== What the task asks ==
Every record that follows is to be copied exactly, with the pictures omitted.

== Source material ==
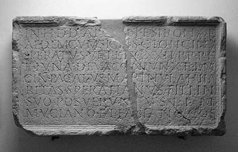 - In h(onorem) d(omus) d(ivinae) Apo[lli]ni et Sironae / aedem cum signis C(aius) Longinius / Speratus vet(eranus) leg(ionis) XXII Pr(imigeniae) p(iae) f(idelis) / et Iunia Deva coniunx et Lon/gini(i) Pacatus Martinula Hila/ritas Speratinus fili(i) in / suo posuerunt v(otum) s(olverunt) l(ibentes) l(aeti) m(erito) / Muciano et Fabiano co(n)s(ulibus)
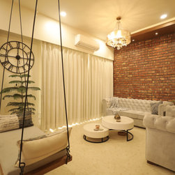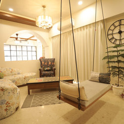 The living room is an open inviting space that connects the house from all directions. The white decor sets the much required balance to the colourful spaces. The play of prints, colours and motifs in the house provides the design element in the large open spaces.
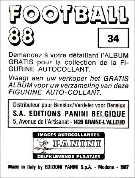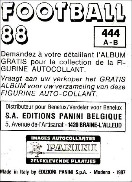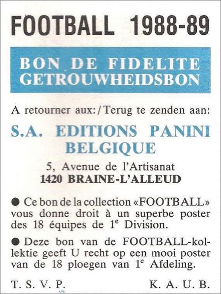 Football 88 - 1ère et 2ème Division Figurine Panini Belgique
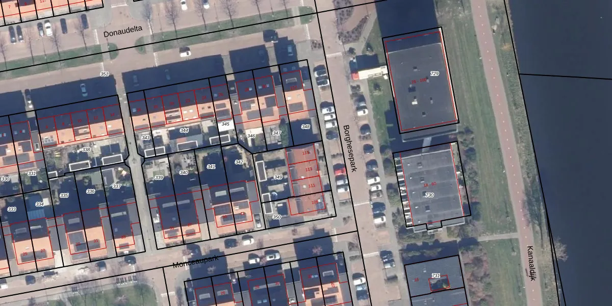 Het perceel waarop Borghesepark 115 staat heeft een oppervlakte van 382 m². Dit is een groot perceel. De perceeloppervlakte wordt geregistreerd door het Kadaster. Gedetailleerde informatie over de maten van dit perceel kunt u vinden in het rapport Kadastrale kaart met maatvoering van Borghesepark 115.
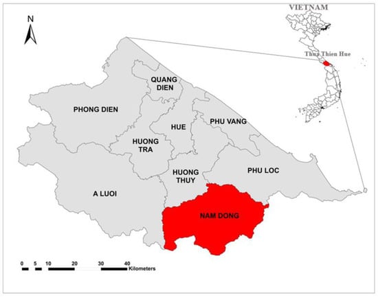 Map of the study area in the Nam Dong District, Thua Thien Hue Province, Vietnam.
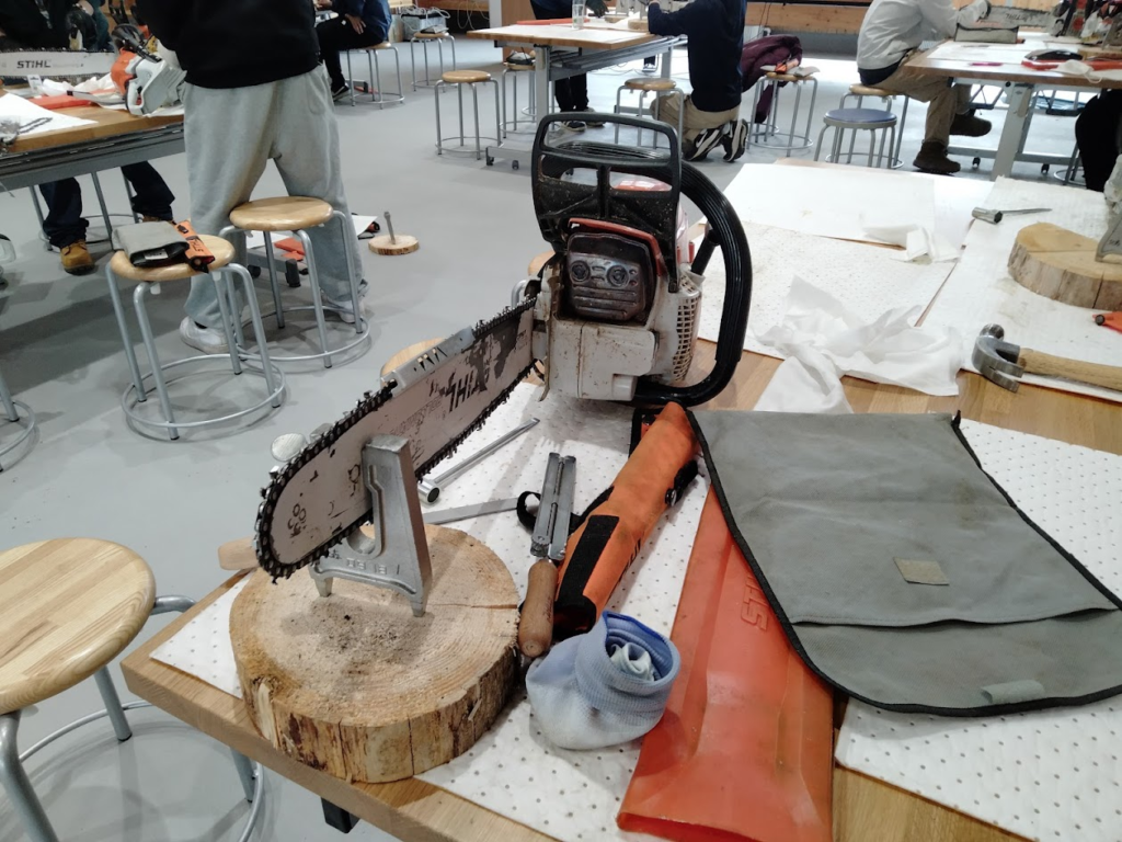 北森カレッジでは、1年生はスチール、2年生はハスクバーナのチェンソーを使います。
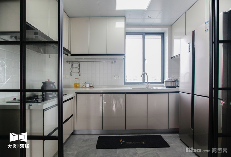 宽敞的U型厨房,日常打开移门便是开放式的,使用时关上移门便不存在油烟的困扰了;
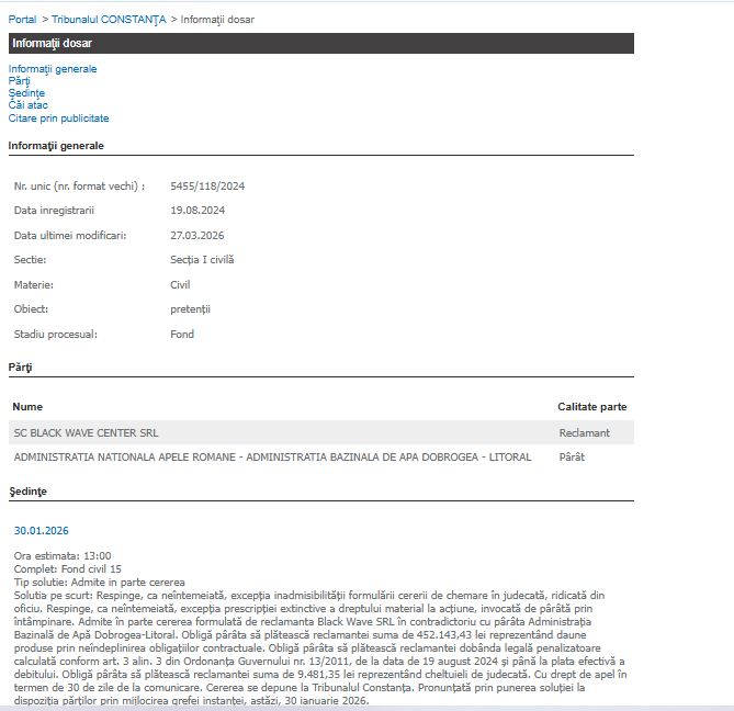 La data de 30 ianuarie 2026, Secția I Civilă a Tribunalului Constanța a tranșat disputa, respingând excepțiile invocate de ABADL (inadmisibilitatea și prescripția):

== Answer to this task ==
 - In h(onorem) d(omus) d(ivinae) Apo[lli]ni et Sironae / aedem cum signis C(aius) Longinius / Speratus vet(eranus) leg(ionis) XXII Pr(imigeniae) p(iae) f(idelis) / et Iunia Deva coniunx et Lon/gini(i) Pacatus Martinula Hila/ritas Speratinus fili(i) in / suo posuerunt v(otum) s(olverunt) l(ibentes) l(aeti) m(erito) / Muciano et Fabiano co(n)s(ulibus)
 The living room is an open inviting space that connects the house from all directions. The white decor sets the much required balance to the colourful spaces. The play of prints, colours and motifs in the house provides the design element in the large open spaces.
 Football 88 - 1ère et 2ème Division Figurine Panini Belgique
 Het perceel waarop Borghesepark 115 staat heeft een oppervlakte van 382 m². Dit is een groot perceel. De perceeloppervlakte wordt geregistreerd door het Kadaster. Gedetailleerde informatie over de maten van dit perceel kunt u vinden in het rapport Kadastrale kaart met maatvoering van Borghesepark 115.
 Map of the study area in the Nam Dong District, Thua Thien Hue Province, Vietnam.
 北森カレッジでは、1年生はスチール、2年生はハスクバーナのチェンソーを使います。
 宽敞的U型厨房,日常打开移门便是开放式的,使用时关上移门便不存在油烟的困扰了;
 La data de 30 ianuarie 2026, Secția I Civilă a Tribunalului Constanța a tranșat disputa, respingând excepțiile invocate de ABADL (inadmisibilitatea și prescripția):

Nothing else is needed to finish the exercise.